Eighty-three miners and rescuers were trapped in a Russian mine yesterday after twin methane gas blasts killed 12 and then ensnared the salvage workers who descended down the shaft to find survivors.
Rescue efforts were suspended at the Raspadskaya mine in the Kemerovo region of southwestern Siberia because of the dangerous conditions, with the local governor saying that ordering more rescue workers inside would be a death sentence.
The tragedy cast a shadow hours ahead of a military parade in Russia to mark the Soviet victory over the Nazis 65 years ago in World War II, the biggest event of its kind since the collapse of the Soviet Union.
The first blast went off late on Saturday while 370 people were working in the mine.
Emergencies Minister Sergei Shoigu said 12 miners were killed and 55 wounded, the Interfax news agency said. Three hundred miners managed to climb to the surface and safety themselves.

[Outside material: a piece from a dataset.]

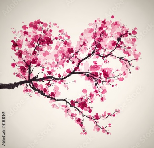 © Kunci, Fototapeta premium Heart-shaped cherry blossom branch
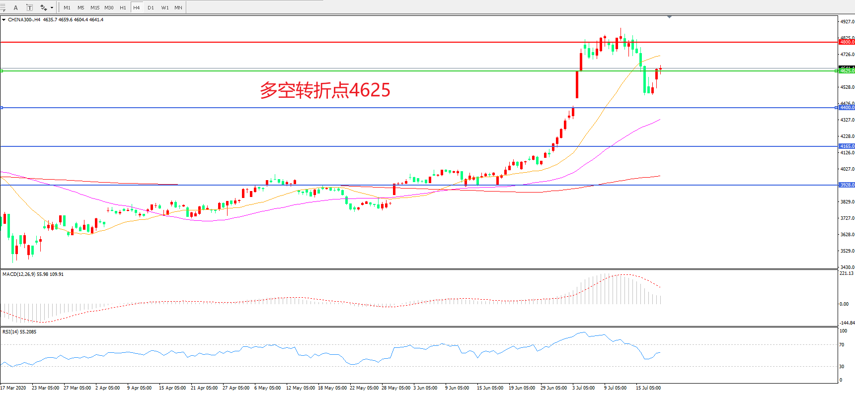 4小时图看,沪深300高开高走,整体表现强势,均线系统逐渐发散,4625成为短期多空分水岭, MACD红柱增加,RSI指标向上,日内延续震荡概率较大。

However, around two hours later — after rescuers had entered the mine to find survivors and bring corpses to the surface — a second explosion went off, trapping both the remaining miners and the rescue workers themselves.
There are now 83 people trapped in the mine, including 19 rescue workers, Shoigu said. The last radio contact with the rescuers was 30 minutes before the second explosion.
State television pictures showed that the explosions had been so powerful that the surface infrastructure of the mine had been reduced to smoking wrecks. Seven corpses have already been pulled to the surface
“The rescue efforts will resume once the atmosphere is restored in the mine,” said Kemerovo regional Governor Aman Tuleyev, according to the ITAR-TASS news agency.
“But to carry out rescue work now — that would be sending people to their deaths,” he said.
Loved ones of the miners, many in tears, gathered outside the management of the mine in the town of Mezhdurechensk, where a list of the missing had been pinned up.
The governor canceled his attendance at the regional victory parade to stay at the scene of the disaster while Russian Emergencies Minister Segei Shoigu was on his way to the area, the RIA Novosti news agency reported.
Raspadskaya is part-owned by steelmaker Evraz, a company 36 percent owned by Chelsea Football Club’s billionaire chief Roman Abramovich.
It supplies coking coal to several metallurgical plants in Russia, Ukraine, Eastern Europe and Asia.